The Michigan Department of Health and Human Services (DHHS) reported Tuesday that a total of 896,717 Michiganders have tested positive for COVID-19 and 19,832 have died from the virus — an additional 650 cases and 31 deaths since Friday.
The new numbers combine Saturday’s, Sunday’s, Monday’s and Tuesday’s recorded cases and deaths, with an average of 162 new confirmed cases per day, as DHHS now publishes COVID-19 data just twice weekly on Tuesdays and Fridays.
The state notes that 27 of the deaths announced come from the most recent review of vital records and testing data. This means that those individuals had already died, but are just now being flagged by the state as official COVID-19 deaths. The DHHS conducts this review process two times per week.
DHHS also reports that an additional 105,771 Michiganders have been identified as “probable” cases for COVID-19, as well as 1,260 probable deaths. The department began tracking probable cases on April 5, 2020.
Combining the state’s confirmed positive cases with probable cases brings the total up to 4881,002, statewide cases and 21,092 deaths.
The virus has been detected in all of Michigan’s 83 counties. The state’s COVID-19 fatality rate is currently at 2.2%.

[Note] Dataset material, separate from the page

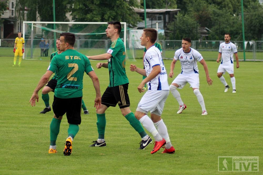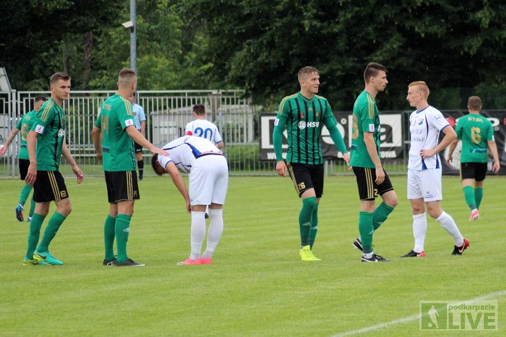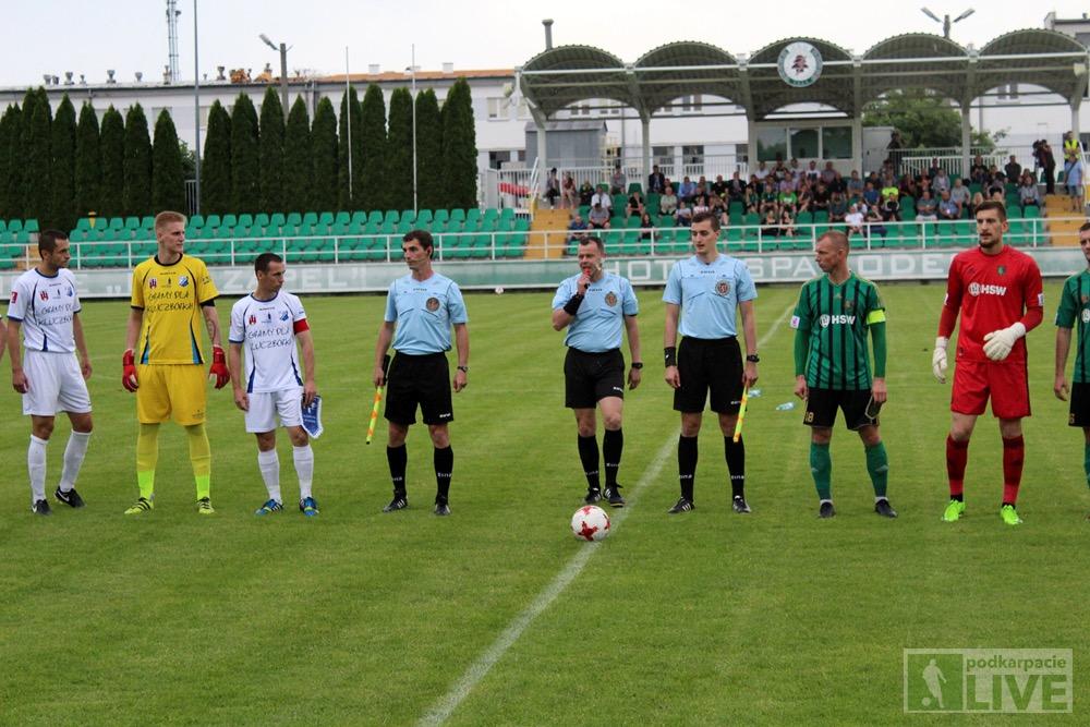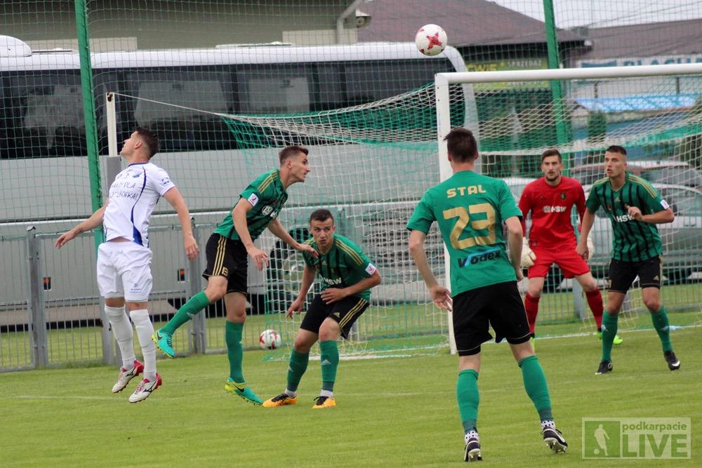 - Piłkarze Stali Stalowa Wola (zielono-czarne stroje) pokonali MKS Kluczbork 2-0 w meczu 34. kolejki rozgrywek 2 ligi w sezonie 2017/2018 i zapewnili sobie utrzymanie na drugoligowym froncie (fot. Radosław Kuśmierz)

As of Friday, 870,140 people have recovered from COVID-19, according to the state.
The first two cases of COVID-19 were reported in the state on March 10, 2020. Gov. Gretchen Whitmer declared a state of emergency that day.
Johns Hopkins University reports that there are more than 187.6 million confirmed cases worldwide and 4 million deaths. The United States makes up a significant portion of those, as more than 33.9 million confirmed cases and 607,618 deaths have been recorded nationally.